Saturday, July 22, 2017

Are Investors Being Misled by False Impressions About NAVs




The recent drive to clear some of the common myths about investing in mutual funds notwithstanding, some of the basic terminology of mutual funds is actually quite confusing for a new investor and even some savvy investors will also agree that they don’t fully understand some of the jargon when it comes to how mutual funds work. Some of the performance metrics typically used to sell mutual funds to customers can sometimes be misleading. 


Terms like NAV or Net Asset Value and dividend do not always mean what a new investor would assume they do. A high or low fund NAV is not something that is likely to affect the returns you get on your invested corpus. 

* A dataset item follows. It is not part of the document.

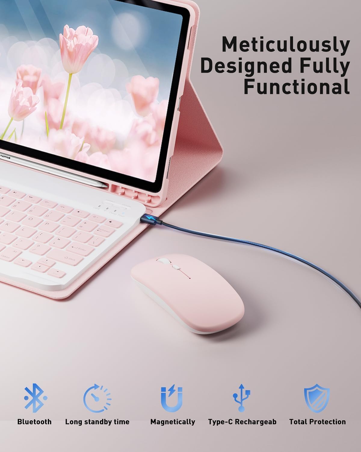 The included Bluetooth mouse adds another layer of convenience, especially for users who prefer precise cursor control. Navigating documents, editing text, or working with spreadsheets becomes much easier with a mouse, and its rechargeable design eliminates the need for disposable batteries. Together, the keyboard and mouse create a setup that feels remarkably close to a traditional laptop, while retaining the portability of a tablet.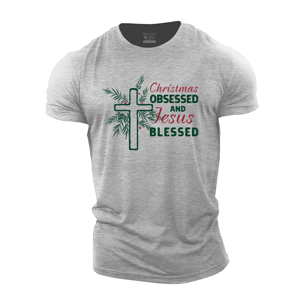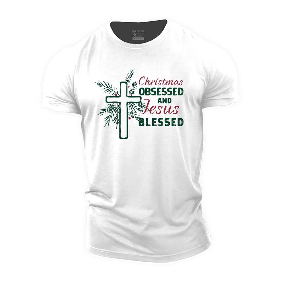 Christmas Obsessed and Jesus Blessed Cotton T-Shirt

The actual NAV and number of units you own are irrelevant. In fact, what really matters is the type of companies a mutual fund invests in and how the fund manager runs it. If a fund gains 20%, the Rs 1 lakh you invested in it is going to grow to Rs 1.2 lakh. It is immaterial whether this is 10,000 units at an NAV of Rs 12, or 100 units at an NAV of Rs 1,200. 

Essentially, a fund with an NAV of Rs 10, and a different fund with an NAV of Rs 100 will generate the same returns if their portfolios are the same. So there’s no real reason to decide whether or not to invest in a fund based on NAV alone. In fact, if a fund salesperson or ‘adviser’ is using this rationale to convince you to invest in a particular fund, he/she may deliberately be misleading you. 

Just like NAVs, many mutual funds also use dividend to indicate the performance of the fund which is another misleading tactic. The dividend actually comes out of your own investment instead of being re-invested to create greater returns. The NAV & dividend should only be used to compare the mutual funds performance against its own over a long period to evaluate its returns.